Sulla scorta delle parole del profeta Isaia, il Vescovo, nell’omelia, ha invitato i presenti a guardarsi l’un l’altro: “Proviamo a vedere in questa nostra assemblea i figli che vengono da lontano. Gioia, non terrore e nemmeno tristezza. Doni, non privazione e povertà. Gesti di cura e di tenerezza e non indifferenza e disprezzo. Riusciamo a vedere questo?”, ha chiesto mons. Tomasi, mentre le persone si guardavano le une con le altre.

“Nel Signore noi siamo un corpo solo, chiamati ad un comune futuro di pace e di unità, siamo raggiunti dalla stessa promessa di pienezza di vita contenuta nel Vangelo. Se custodisco la mia relazione con Gesù - ha sottolineato il Vescovo -, questa non potrà mai essere contro qualcuno dei fratelli e delle sorelle. Debbo infatti custodire la mia identità personale e culturale, perché questo è l’unico modo che ho per amare concretamente gli altri. Non posso amare in astratto, in modo neutro, omologato. Se però coltivo la mia identità per separarmi dagli altri e per escludere i fratelli

e le sorelle differenti, mi stacco dalla fonte viva dell’amore, mi chiudo in me stesso, e mi sono perso, nel tempo e per l’eternità”.

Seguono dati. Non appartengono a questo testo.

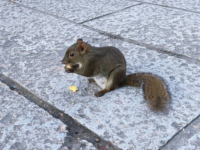 回招待所的路上,看到了小松鼠,我们把蛋糕分给了它,居然一点也不怕!

L’invito, poi, a seguire la Speranza come una stella, in questo nuovo anno. Speranza, non come facile ottimismo, ma “come fiammella di luce nelle tenebre, anche le più fitte. Speranza come incontro nella gioia, in un mondo così crudo che sembra soffocare ogni sogno”, ha ricordato il Vescovo citando il poeta francese Peguy. Perché è la speranza che “ci permetterà di far entrare in dialogo i nostri mondi diversi ma vicini, che troppo spesso manteniamo separati e muti, o impegnati a gridare parole di sospetto o d’odio.

La speranza ci tirerà fuori di casa per incontrarci, per nutrire insieme la nostra fede, per accendere la fiamma dell’amore reciproco, in gesti quotidiani ed ordinari di solidarietà e di fraternità”.

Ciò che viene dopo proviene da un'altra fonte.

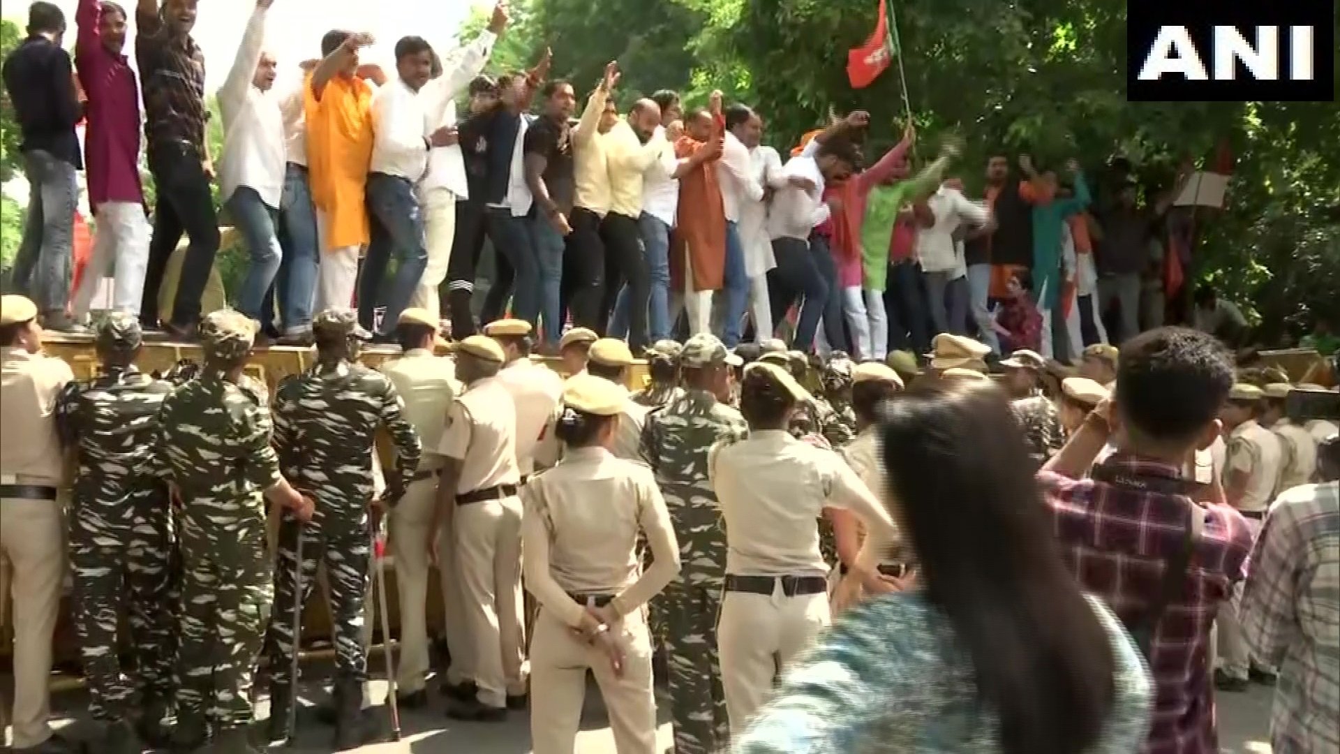 केजरीवाल के घर के सामने बीजेपी कार्यकर्ताओं का प्रदर्शन

“La mia speranza - ha concluso il Vescovo, annunciando la sua prossima visita pastorale alle comunità dei fedeli migranti - è che si veda e si condivida la bellezza di questa nostra assemblea per tanti giorni, non solo oggi, e in tutte le manifestazioni della vita, nell’uguaglianza, nella giustizia, nella pace. I Magi provarono una gioia grande, noi non dovremmo sperare niente di meno”.